■ **TASK DATA**:
__________________________________________________

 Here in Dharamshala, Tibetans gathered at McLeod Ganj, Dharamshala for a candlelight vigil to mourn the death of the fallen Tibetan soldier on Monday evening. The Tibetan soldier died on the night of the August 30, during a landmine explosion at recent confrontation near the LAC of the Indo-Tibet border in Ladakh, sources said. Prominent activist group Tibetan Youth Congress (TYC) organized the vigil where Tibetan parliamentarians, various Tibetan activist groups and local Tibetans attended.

__________________________________________________

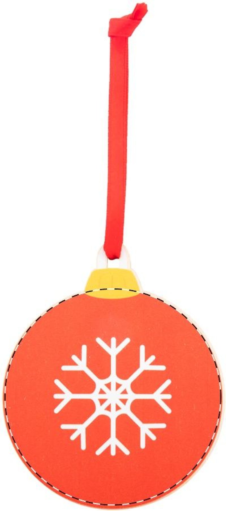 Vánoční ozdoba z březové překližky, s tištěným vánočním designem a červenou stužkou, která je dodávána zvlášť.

__________________________________________________

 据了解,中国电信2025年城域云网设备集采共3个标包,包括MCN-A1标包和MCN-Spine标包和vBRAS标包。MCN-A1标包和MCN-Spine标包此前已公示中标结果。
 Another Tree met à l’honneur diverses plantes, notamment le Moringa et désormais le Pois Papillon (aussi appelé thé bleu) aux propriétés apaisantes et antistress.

__________________________________________________

■ **THE PROBLEM**: Would you please copy exactly the part of the entries above that begins at the line containing "据了解,中国电信2025年城" and ends at the line containing "Another Tree met", both lines included?

■ **EXERCISE SOLUTION**:
 据了解,中国电信2025年城域云网设备集采共3个标包,包括MCN-A1标包和MCN-Spine标包和vBRAS标包。MCN-A1标包和MCN-Spine标包此前已公示中标结果。
 Another Tree met à l’honneur diverses plantes, notamment le Moringa et désormais le Pois Papillon (aussi appelé thé bleu) aux propriétés apaisantes et antistress.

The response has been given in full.